Projects

This page lists some of the projects that our lab members are/were involved in.

Language Data Commons of Australia (LDaCA)

The LDaCA project (led by the University of Queensland) makes nationally significant language data available for academic and non-academic use and provides a model for ensuring continued access with appropriate community control. It also connects these data to an improved analysis infrastructure for text analytics. The Language Data Commons of Australia is a co-investment partnership with the Australian Research Data Commons (ARDC) through the HASS and Indigenous Research Data Commons (https://doi.org/10.47486/HIR001). The ARDC is enabled by the Australian Government’s National Collaborative Research Infrastructure Strategy (NCRIS). Further information about the lab’s involvement in this project is available here.

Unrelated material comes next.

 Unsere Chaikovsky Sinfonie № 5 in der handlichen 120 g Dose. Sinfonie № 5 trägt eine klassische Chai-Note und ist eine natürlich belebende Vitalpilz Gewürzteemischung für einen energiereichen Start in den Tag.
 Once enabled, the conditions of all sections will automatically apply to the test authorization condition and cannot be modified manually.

Australian Text Analytics Platform (ATAP)

The Sydney Corpus Lab collaborated with the University of Queensland (project lead), Sydney Informatics Hub, and AArNet on the Australian Text Analytics Platform (ATAP). ATAP received investment (https://doi.org/10.47486/PL074) from the Australian Research Data Commons (ARDC). The ARDC is funded by the National Collaborative Research Infrastructure Strategy (NCRIS). The Australian Text Analytics Platform is now part of LDaCA (see above) and known as LDaCA Analytics.

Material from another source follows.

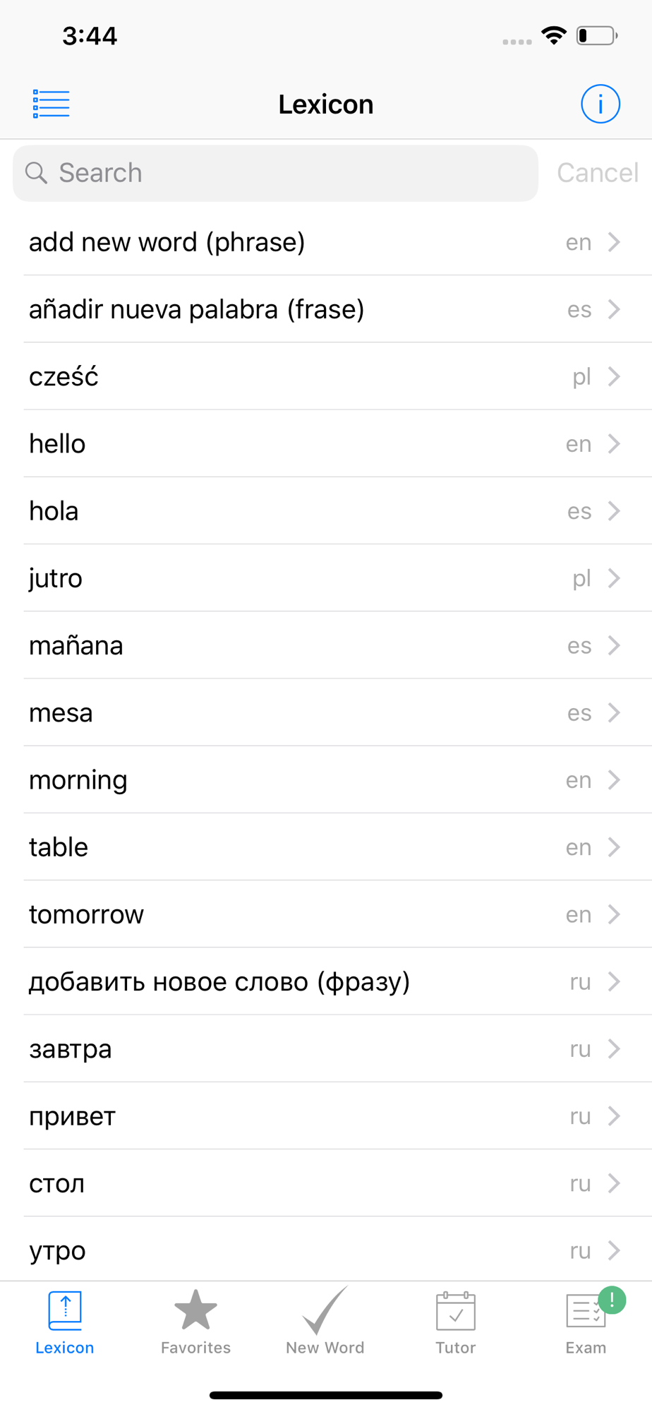 Universal Lexicon is your own word box where you can collect and study new interesting words in any languages.

Health in the Media (Research group)

We use corpus linguistics and discourse analysis to better understand how journalists write about health, including diabetes, obesity, disability, and other health-related conditions or issues. This body of research is associated with the University’s Charles Perkins Centre. For more information go to Health in the Media. As part of this research, we designed and built the Diabetes News Corpus (see corpus Guide) to analyse representations of diabetes. This project has now been completed (see summary). We have also completed a study on disability in Australian newspapers, with a short description available on Language on the Move. We have also finalised a project on representations of obesity in the news. This was part of an international collaboration, and analysed a new 16-million-word corpus of Australian news coverage of obesity, supported by the Sydney Informatics Hub. Information about this corpus can be found in the corpus manual. Project publications include ‘Weight stigma: Towards a language-informed analytical framework‘, ‘Trialling corpus search techniques for identifying person-first and identity-first language‘, and ‘Examining the uptake of media guidelines: A corpus analysis of obesity representation in Australian and UK News‘. We also examined how weight loss was represented in Australian and British newspapers. A full summary of the project is available here.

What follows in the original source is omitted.